|An American B-17F "Wulf Hound" in Luftwaffe markings.|
The Germans captured all sorts of weapons, for instance, even as the Wehrmacht was in full retreat. Allied planes would make belly landings after developing one sort of issue or another, or bases would be overrun. An underlying theme of World War II is how often an advancing army captured huge stockpiles of enemy weapons and supplies.
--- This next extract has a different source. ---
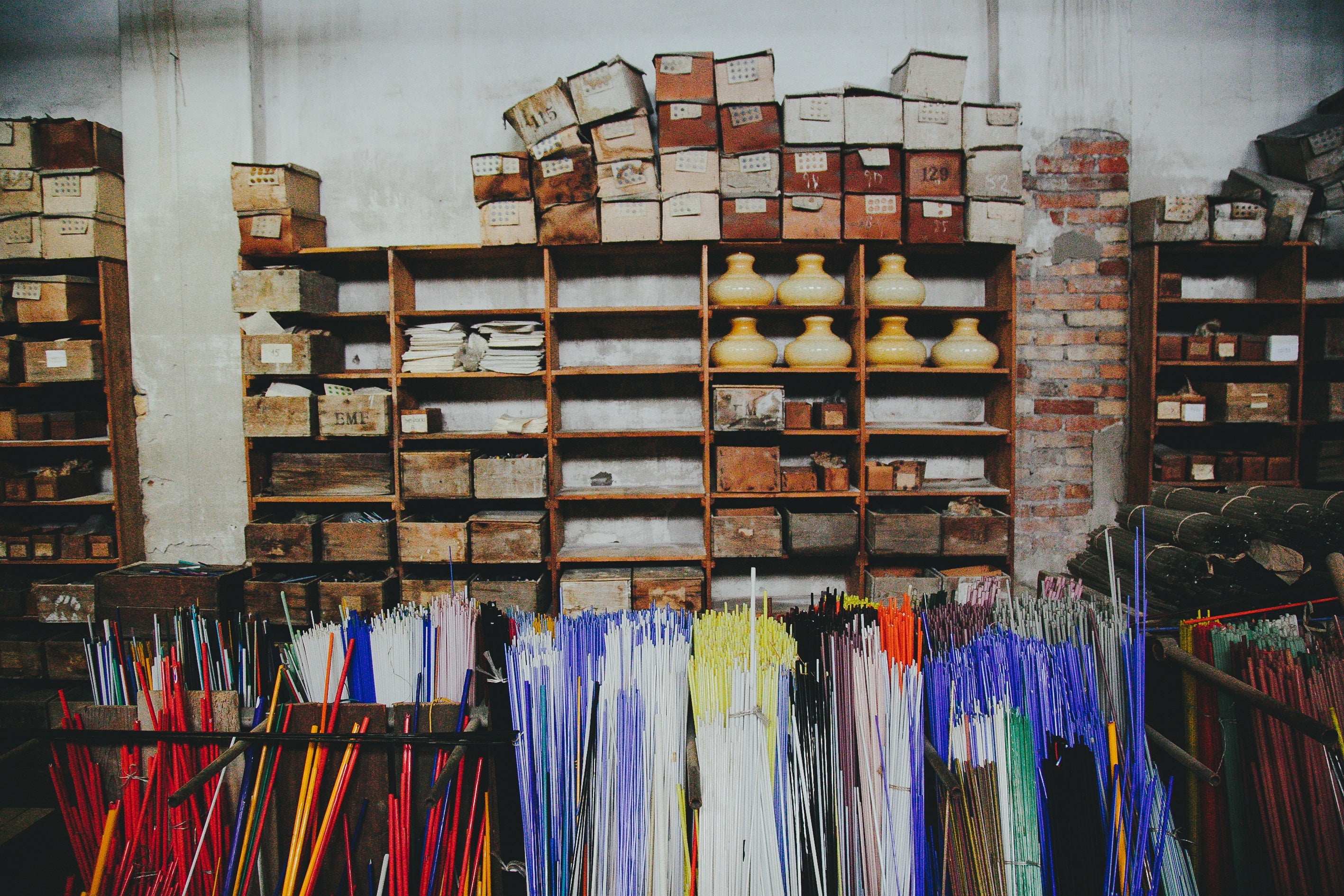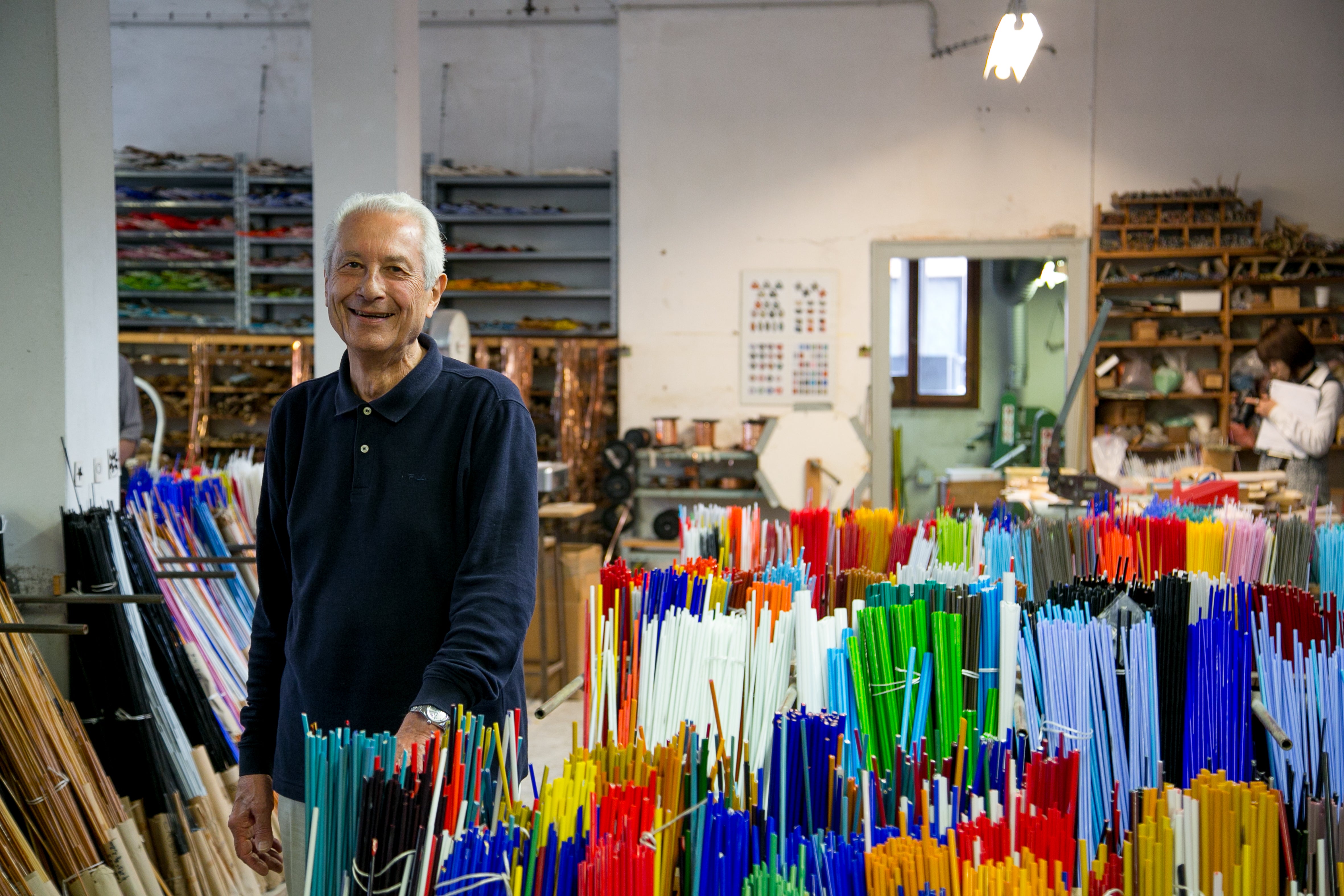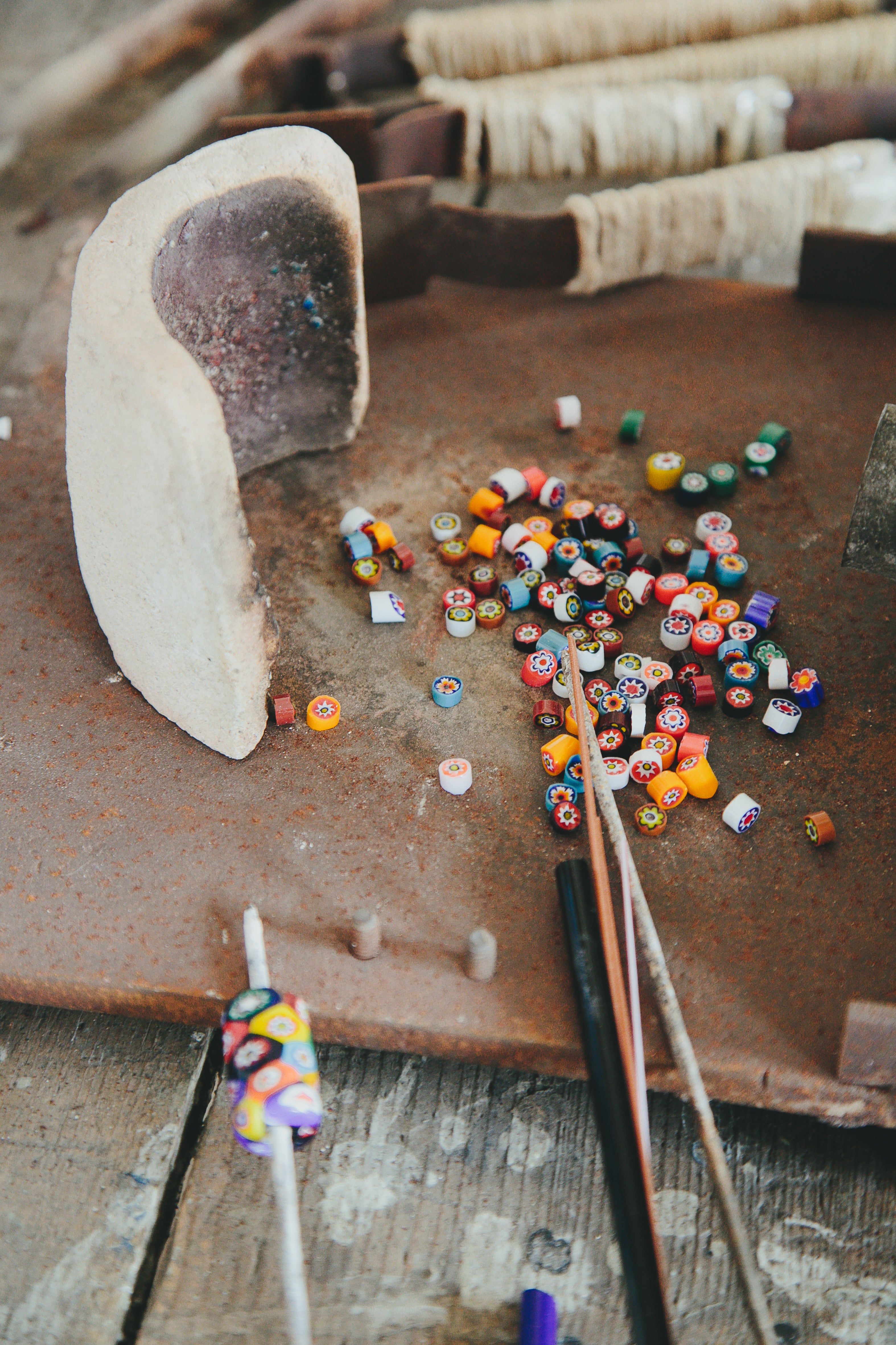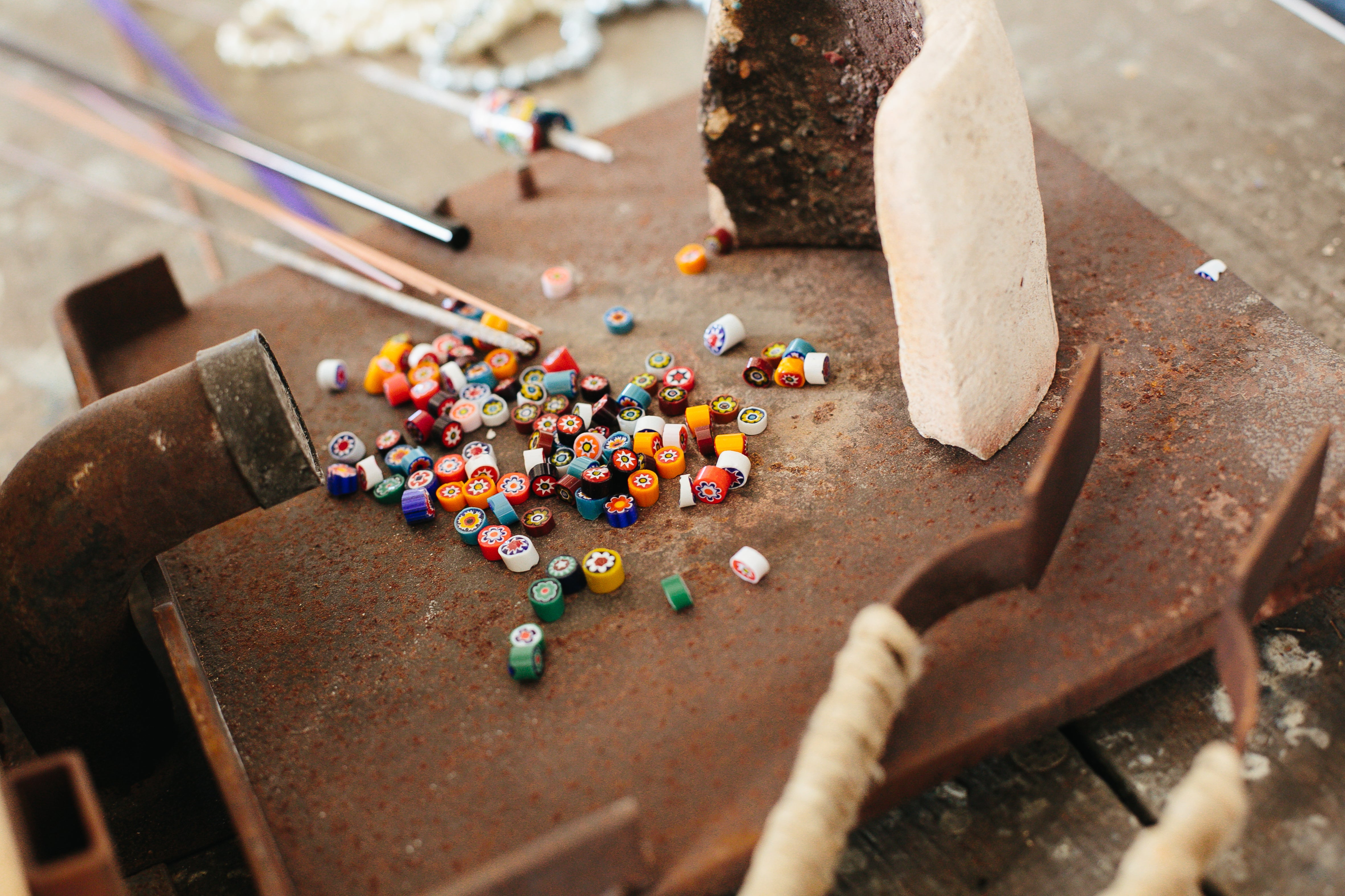 直径約1cmの小さなピースに仕上げるためには、極細に作られたガラス棒を一本一本ピンセットで慎重に並べるという、熟練の技術と忍耐が必要です。ムリーネ模様を丁寧に配置し、低温で焼成した後、丹念に磨き上げることで完成します。
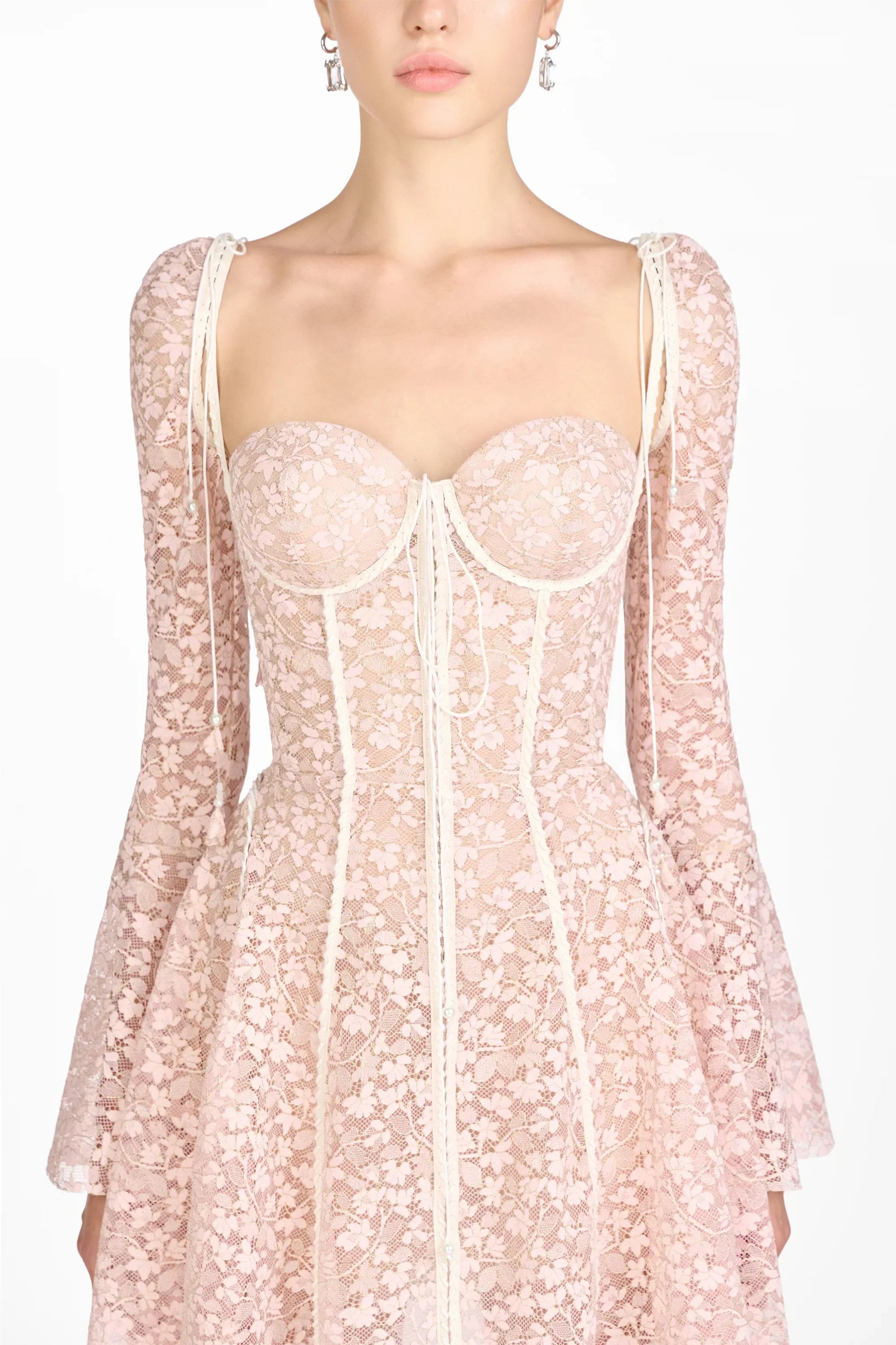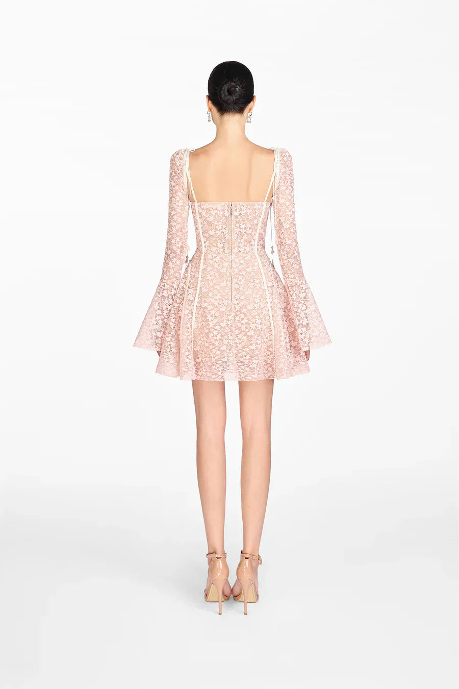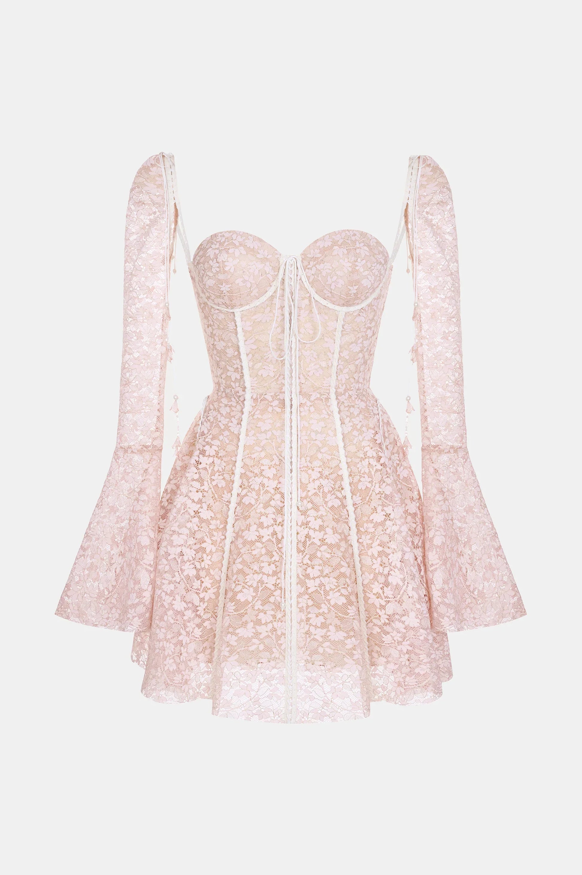 Fangen Sie die Essenz zeitloser Romantik mit dem Spitzenkleid „Romance“ ein, einem bezaubernden Minikleid für die moderne und zugleich klassische Frau. Dieses elegante Kleid besticht durch seine schmeichelhafte A-Linien-Silhouette, ein Bustier-Oberteil und lange Ärmel aus Spitze und vereint so auf perfekte Weise Raffinesse und Charme. Die neutrale Roséfarbe verleiht ihm einen Hauch dezenter Eleganz und macht es zur idealen Wahl für verschiedenste Anlässe.

|Another view of the Wehrmacht's collection of captured tanks at Kummersdorf. Pictured are maybe an IS-2, an I-70, a Sherman. One thing is for certain, they are not standard panzers. I like the German staff car in the background.|
|A captured He-111H at an airfield in England sometime in 1945 (colorized).|
|A captured P-51 being used at Rechlin.|
|Australian troops watching Tobruk burn, 22 January 1941. Note the captured Italian M13 tank they are using, so indicated by the white kangaroos painted on the side.|
|Recognize this one? It's one of the most iconic fighters of the war, but it usually isn't seen in Luftwaffe markings.|
|A German soldier in a trench with a captured Soviet PPSH-41 submachine gun on the Eastern Front. Taking small arms off of dead opponents is an extremely common occurrence.|
|A two-man Scharfschütze (sniper) team. The shooter is using a captured Russian Mosin-Nagant PU rifle. October 1941.|
|Another German using a Soviet submachine gun with the distinctive drum.|
|Polish 7TP light tank, captured by the German Wehrmacht in the battle for Poland in 1939. The local Panzerwaffe used it for their needs and then sent it west for the defense of France. It was captured by Allied forces in 1944 when this was taken.|
The first Flying Fortress captured by the Germans was B-17F-27-BO "Wulf Hound" (41-24585) from 360BS 303BG "Hell's Angels". It was damaged by German fighters during a bombing run on 12th of December 1942 and then suffered more hits during its return flight through the Kammhuber Line by a Bf 110 night fighter from NJG 1. The B-17 pilot, Lieutenant Flickinger, elected to land at Leeuwarden airfield in The Netherlands. The bomber was quickly repaired and two days later (after adding German markings) was escorted by two Bf 110s to Rechlin. The evaluation there revealed the strengths and vulnerabilities of the bomber and gave the Luftwaffe engineers ideas for their own designs. Wulf Hound then became the centerpiece at a June 12, 1943, exhibition of captured planes at Lärz airfield. Together with the B-17F, the exhibition included a B-24, P-47D, P-51, P-38, Avro Lancaster, DH Mosquito, Typhoon, and a Spitfire, among other equipment. "Wulf Hound" then returned to Rechlin in July 1943 and was used in trials towing a DFS 230 glider, remaining under evaluation. The bomber ultimately was transferred to KG 200 in September 1943 and coded A3+AE. It was used in some late-war clandestine missions.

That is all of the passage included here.